07 octubre 2016

las ciudades taurinas de francia entregan al presidente del senado la carta por las libertades y la diversidad de la cultura

Vía :: Pureza y Emoción |



El pasado martes se llevaron a cabo las ponencias acogidas en el Senado de Francia sobre "El hombre y los animales, ¿hacia un conflicto de civilizaciones?", organizadas por el Observatorio Nacional de las Culturas Taurinas que preside André Viard. Tal y como estaba previsto, ayer miércoles los alcaldes de las 7 ciudades taurinas más importantes de Francia firmaron y proclamaron la "Carta por las libertades y la diversidad de la cultura", que fue entregada al presidente del Senado, Gérard Larcher (segunda personalidad del Estado francés).

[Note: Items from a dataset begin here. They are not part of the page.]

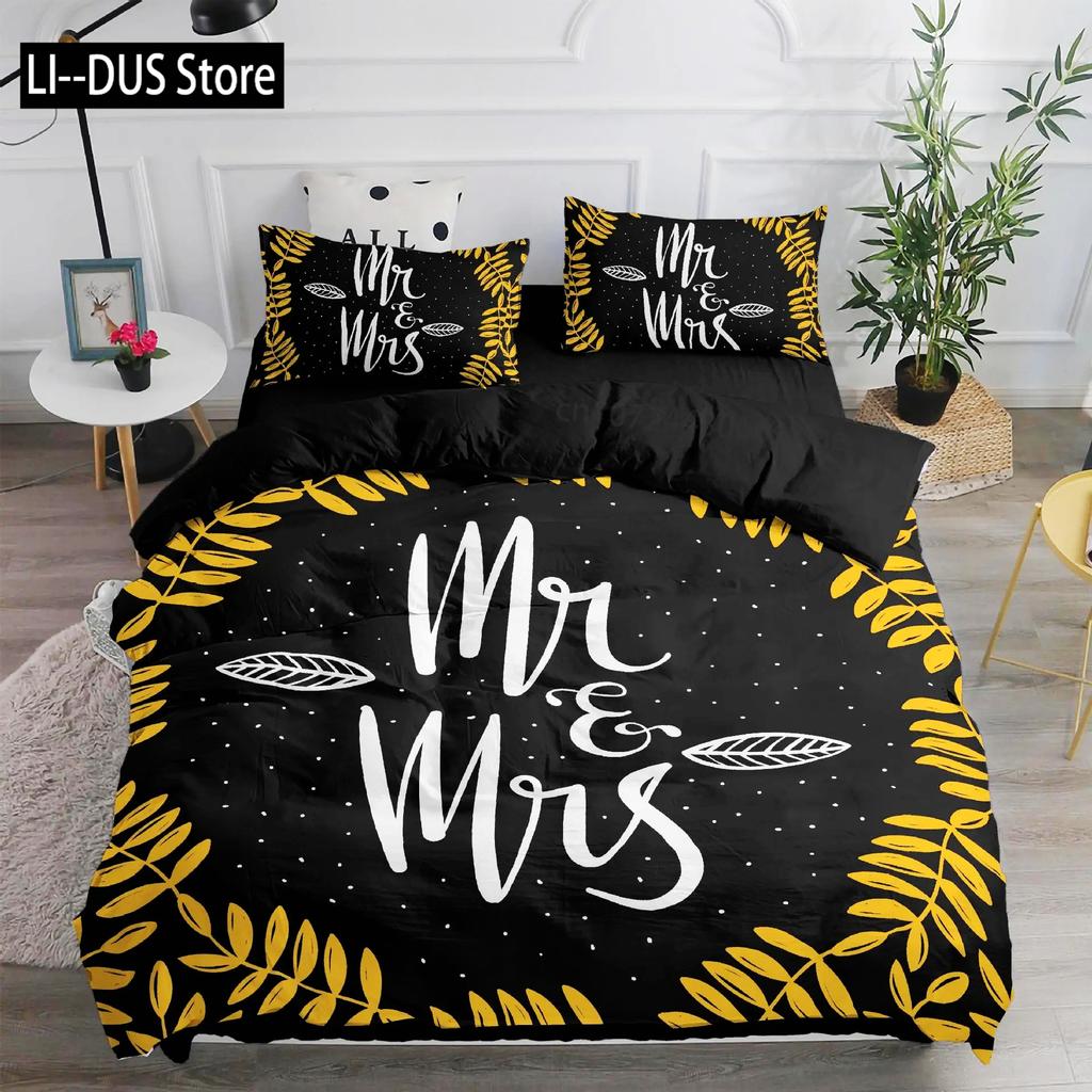 Black and White Duvet Cover Queen/King/Full Size Mr and Mrs Bedding Set 3Pieces Soft Microfiber Couple Romantic Comforter Cover
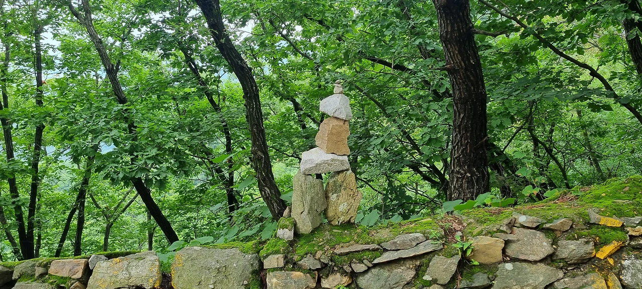 수암봉 가는 길에서 왼쪽은 군부대 오른쪽은 수암봉으로 가는 길이다. 포장도로를 2-300M 내려간 후 수리사 가는 길과 수암봉 가는 길로 접어든다. 포장된 도로에 접어들자마자 이채로운 돌탑이 눈길을 끈다. 오랫동안 비바람에 시달렸으면서 그 형태를 유지하여 이제는 탑의 기단 부분에 이끼도 끼어 있다. 저 탑을 세운 사람이 이곳을 몇 번 왔다 갔는지 모르겠다.
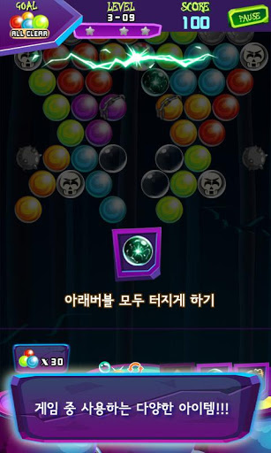 • 같은 버블을 3개 이상 맞춰 터뜨리세요.
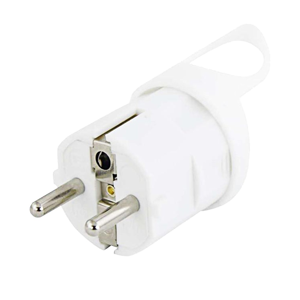 Angle plug for extension cable, 90°, 3680 W, 16 A, 250 V, white. This category of plugs has civil use. The outer rubber material makes it resistant.
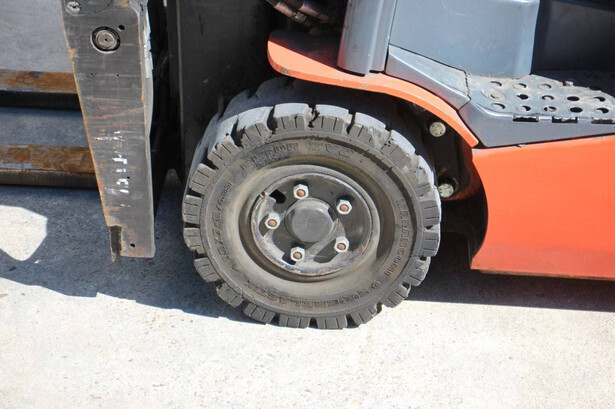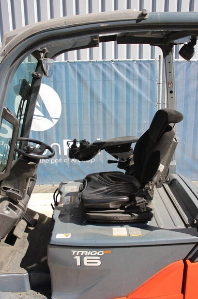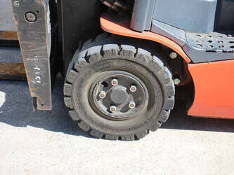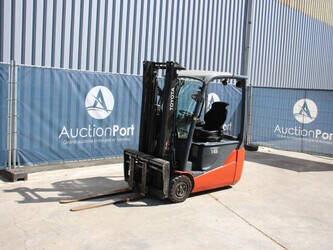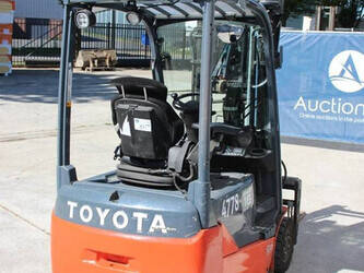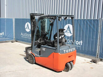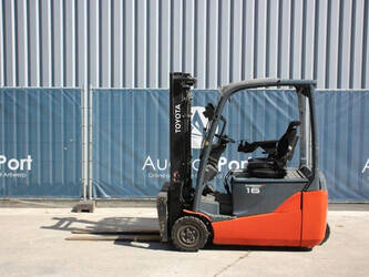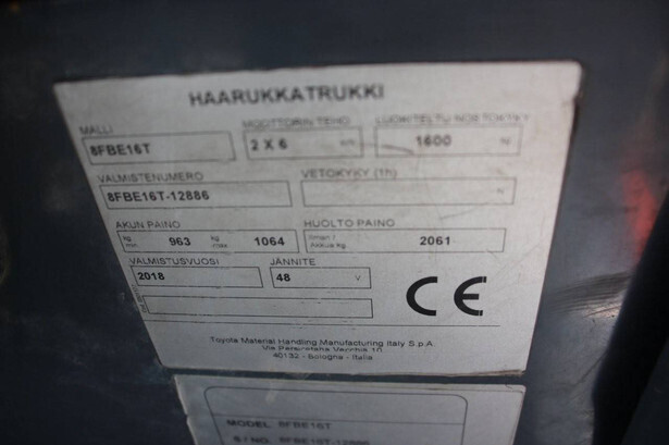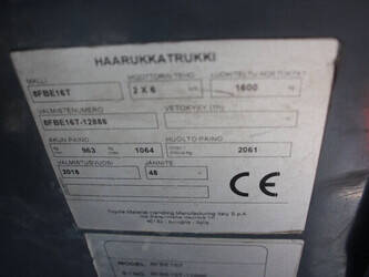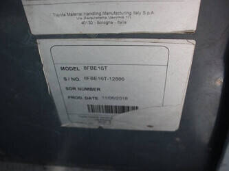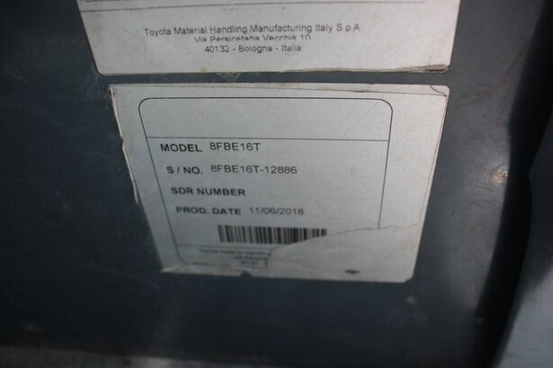 Brand: Toyota Type: 8FBE16T Serial number: 8FBE16T-12886 Year of construction: 2018 Fuel: Electric Mast type: Duplex Sideshift: Yes Lifting capacity: 1600 kg Lifting height: 3300 mm Operating hours read: 15323 h Machine weight: 3125 kg Tires: Solid tires Color: orange

Hay que tener en cuenta que cada uno de los alcaldes pertenece a un partido distinto y todos, menos los ecologistas, han sido representados.

Además, el Senado francés podría iniciar una investigación del movimiento animalista, sus ramificación y financiación.

La carta íntegra, firmada por los alcaldes de Arles, Bayona, Béziers, Dax, Mont de Marsan, Nîmes y Vic Fezensac, dice lo siguiente:

Espíritu del Sur

Carta por las libertades y la diversidad de la cultura

En un mundo que se globaliza hasta el riesgo de provocar la desaparición de numerosas culturas minoritarias, es indispensable recordar (tal y como los Estados miembros se han comprometido por las convenciones de la UNESCO 2003 y 2005 en pro de la protección y promoción del Patrimonio Cultural Inmaterial y en pro de la diversidad de las expresiones culturales) que las mismas, mientras no atenten contra los Derechos del Hombre, deben ser respetadas y podrán transmitirse en total libertad.

A semejanza de las diversas formas de caza, pesca, artes y prácticas agrícolas que, en conjunto, participan en este Espíritu del Sur, el cual se fundamenta en un patrimonio ancestral ampliamente compartido en las regiones de Midi, Gascoña y Provenza, y aún más allá, como es el caso de la Tauromaquia cuyo marco jurídico quedó certificado conforme a la Constitución por decisión del Consejo Constitucional del 21 de septiembre de 2012 y que, igualmente respecto a la legislación europea, constituye una excepción cultural legítima en la tradición de estas regiones.

En el nombre de todas las ciudades taurinas de Francia y de millones de ciudadanos franceses que se identifican con los valores de la cultura taurina, exigimos al Estado francés tomar en consideración este patrimonio ancestral, cuyos primeros testimonios aparecieron en las cuevas de Dordoña hace 23.000 años, y cuyas diversas manifestaciones han acompañado a la historia de Francia desde su creación, y garantizar su preservación tal y como se comprometió en 2011, al quedar inscrita en el Inventario del Patrimonio Cultural Inmaterial de Francia.